→ Problem requirements: Using the data below, reproduce exactly the lines from the line with "Những buổi truyền" to the line with "Planta de localização", both included; pictures must be dropped.

→ Material to process:
┏━━

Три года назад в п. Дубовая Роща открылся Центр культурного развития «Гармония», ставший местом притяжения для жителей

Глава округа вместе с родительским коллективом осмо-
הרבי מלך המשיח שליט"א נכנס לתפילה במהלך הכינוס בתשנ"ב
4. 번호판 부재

┗━━
┏━━

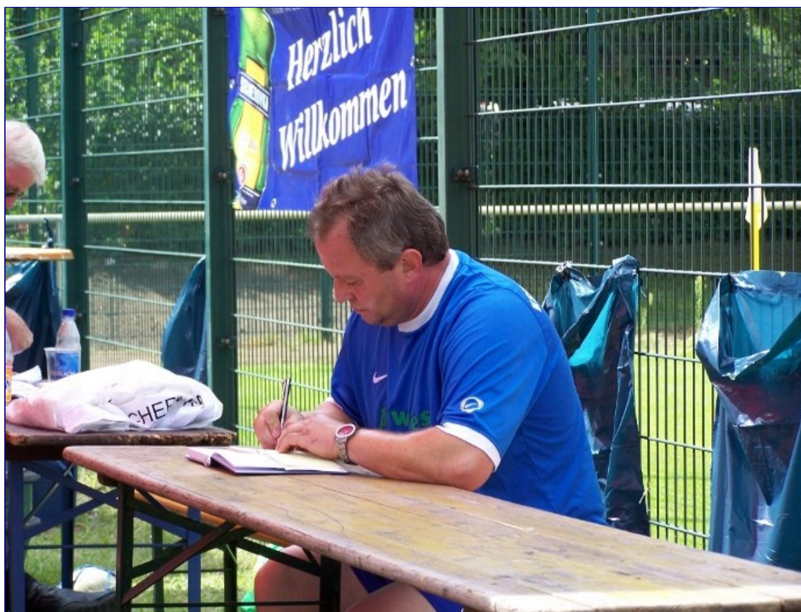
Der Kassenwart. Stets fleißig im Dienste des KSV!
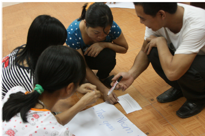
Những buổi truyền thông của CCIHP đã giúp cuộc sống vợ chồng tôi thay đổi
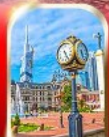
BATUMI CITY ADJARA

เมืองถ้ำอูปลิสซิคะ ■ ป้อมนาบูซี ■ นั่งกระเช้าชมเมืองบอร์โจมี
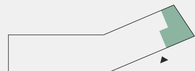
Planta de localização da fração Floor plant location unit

┗━━

→ Result of this exercise:
Những buổi truyền thông của CCIHP đã giúp cuộc sống vợ chồng tôi thay đổi
BATUMI CITY ADJARA

เมืองถ้ำอูปลิสซิคะ ■ ป้อมนาบูซี ■ นั่งกระเช้าชมเมืองบอร์โจมี
Planta de localização da fração Floor plant location unit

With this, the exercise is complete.